Nuestra Armenia

Andamos tan enfrascados en nuestros problemas que apenas nos percatamos de algunos hechos importantes ocurridos fuera. Uno de ellos ha sido el troceamiento de la región de Nagorno Karabaj, la República de Artsaj. Llega tras la ofensiva lanzada por el Gobierno de Azerbaiyán con el apoyo de Turquía y la abstención primera de Rusia que al final ha corroborado la derrota sin paliativos de los armenios. El asunto, sin embargo, merecía más atención.

Sólo Macron ha salvado la cara de los europeos al denunciar la actitud de Turquía. No basta. El acuerdo obliga a Armenia a retirarse de buena parte del territorio que había recuperado tras la guerra de entre 1992 y 1994, después de sucesivas matanzas sobre la población armenia y un referéndum ganado por los armenios en 1991. La guerra fue brutal, hubo episodios injustificables en ambos lados, pero corroboró la decisión previa. Desde entonces Armenia ha sostenido, con los escasos medios de los que dispone, un territorio amigo que considera una república independiente, aunque no reconocida por nadie. Después de lo ocurrido ahora, no tendrá la menor posibilidad de perpetuar allí una cultura de siglos, la del primer país que hizo del cristianismo su religión de Estado y que sobrevivió al genocidio turco de 1915, cuando los armenios sirvieron de chivo expiatorio al final del imperio otomano. En 1921, el capricho de Stalin desgajó el territorio de Nagorno Karabaj para integrarlo en la República soviética de Azerbaiyán. Ahora Putin patrocina una nueva división del territorio, que queda, como en el caso de la comunicación de la capital Stepanakert con Armenia, al albur de azeríes y yihadistas, con la aquiescencia de un Erdogan que ha resucitado el sueño imperial y con él, de nuevo, el de la aniquilación armenia.

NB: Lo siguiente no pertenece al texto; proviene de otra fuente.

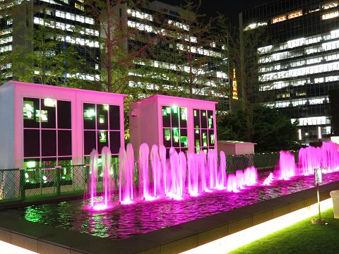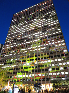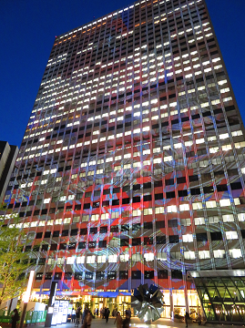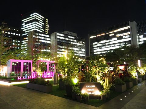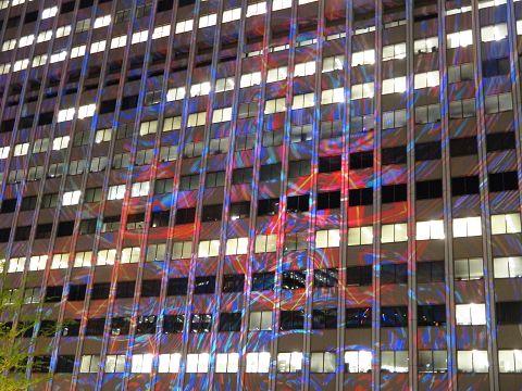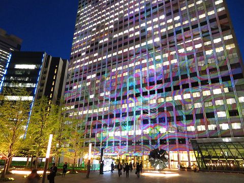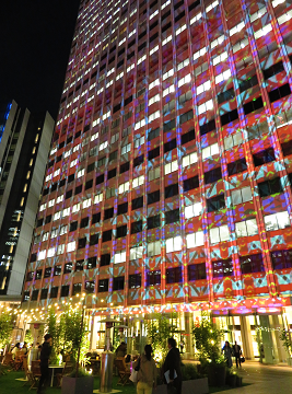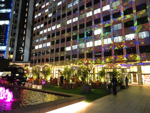デジタル掛け軸としてビルに幾何学模様を投影したり、テラスで飲食ができる場所が用意されたりと、色々なイベントが行われています。

Ya sabemos lo que va a ocurrir. En la guerra se han multiplicado los ataques a la población civil. Tras el éxodo –unas 100.000 personas por ahora-, quedará a disposición de la barbarie un extraordinario legado cultural cristiano. Seguramente desaparecerán sepulturas, cruces, cementerios, e iglesias y monasterios, algunos de ellos muy antiguos, del siglo V, que atestiguan una historia y una voluntad de sobrevivir como se ha dado pocas veces en el mundo.

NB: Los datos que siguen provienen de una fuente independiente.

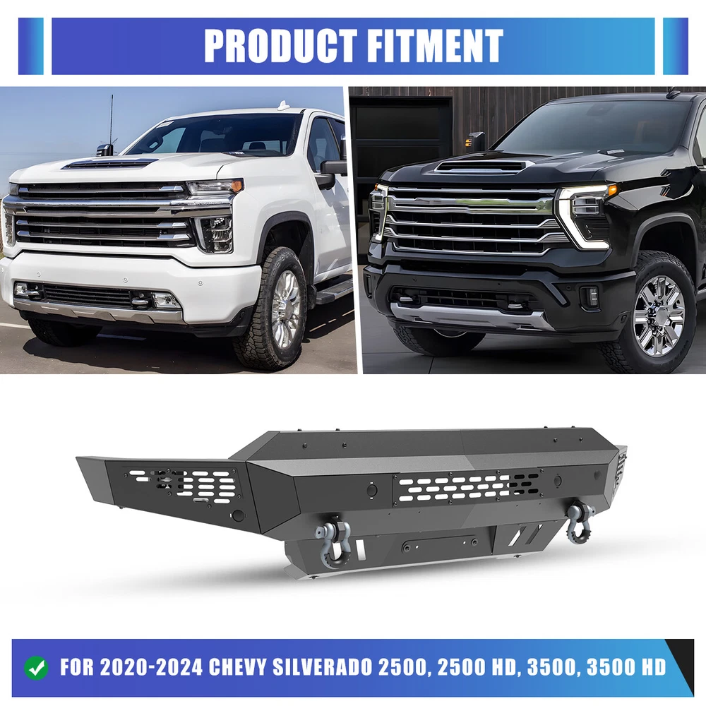 Head Lights Tail Lights Fog Lights Turn Signal Bumper Fender Flare Inner Fender Hubcaps Refrigerator Other Items for sale Head Lights Tail Lights Fog Lights Turn Signal Bumper Fender Flare Inner Fender Liners Portable Refrigerator For 2020-2024 Chevy Silverado 2500/3500/HD Front Bumper w/LED Lights+2*D-Rings Compatible with: For 2020-2024 Chevy Silverado 2500/3500/2500 HD/3500 HD Front Bumper Main Body+Side Wings Product Size : 79.83*22.29*11.89 inch Front Bumper Main Body Packaging size : 57.48*14.17*13.78 inch Packing weight :81.57 lbs Side Wings Packaging size : 33.86 inches×12.20 inches×12.20 inches Packing weight :34.17 lbs Front Bumper Package Includes 1*Front Bumper Main Body 2*Side Wings 1* Mounting Accessories Payment Shipping Return About us Contact us Payment Appreciated for the prompt payment, Contact us if bid by mistake, system open unpaid item automatically. Payment must be complete within 3 days from the date you purchase or after the end of auction. Items unpaid within 3 days of the auction end will be forfeited. We reserve the right of cancel the order and re-selling the items. Shipping All shipment will ship by UPS or USPS . All items will be ship within 1 working days , and we will ship out all orders as soon as possible after payment verified, please allow up to 1-4 business days for delivery. CANADA & International customers please note: your government might charge a duty tax (brokerage fees). We do not responsible for any custom duty or import tax. Why Choose the US Stock? 1. Us Local Shipping, No Extra Customs Cost to the US. 2. Fast Delivery: 1-4 Working days Delivery. 3. Best After-Sales Service!!! Return The buyer is responsible for all return shipping including a result of customer error or defective item. 1) If you received an incorrect, damaged, defective, or item not as described, contact us for full refund or replacement on our cost. 2) If you want to return the item, please contact us within 60 days after package received. Return products must also be in its original condition: including box, packaging and all other accessories. About us We are the best auto parts, we have been pursuing excellence, continuous exploration as the slogan, let customer satisfaction is our purpose! We adhere to the United States local delivery, one year warranty! Welcome! Contact us How Should You Contact us? Please Read The Item Description And See if The item Fits Your Vehicle Exactly. If You Found Any questions, Feel Free to email us by "Ask a question" Our Office Hours Are Monday - Friday 8:00am - 5:00pm PST / 11:00am - 8:000pm ET, We Do Not Answer Any E-Mails On Weekend, And We Will Reply All E-Mails In The Order It Was Receive. All E-Mail Take Us Around 24 Hours To Respond To Any E-Mail. We Are Close During The Weekends And We Do Not Answer Any E-Mails During That Time. On Jan 16, 2025 at 03:09:50 PST, seller added the following information:

La Unión Europea no debería ignorar estos hechos, que atañen a un territorio tan europeo, por historia y cultura, como cualquier otro de la UE,   e incluso más. Al menos debería emitir una protesta ante la gravedad del asunto y de lo que puede ocurrir a partir de ahora. Algunos países podrían ir más allá de lo simbólico y reconocer la República de Artsaj. Daría ánimos a los armenios y dificultaría la empresa de hostigamiento que ya habrá empezado. Nuestro país, enfrascado en su propio desmantelamiento, no va a intentar nada. Aun así, podemos soñar con una política exterior coherente con la defensa de los derechos humanos. Al menos debería plantear el asunto, en colaboración con Francia, y esforzarse para que la UE recobre algo de dignidad y los armenios no vuelvan a ser los grandes olvidados de la Historia.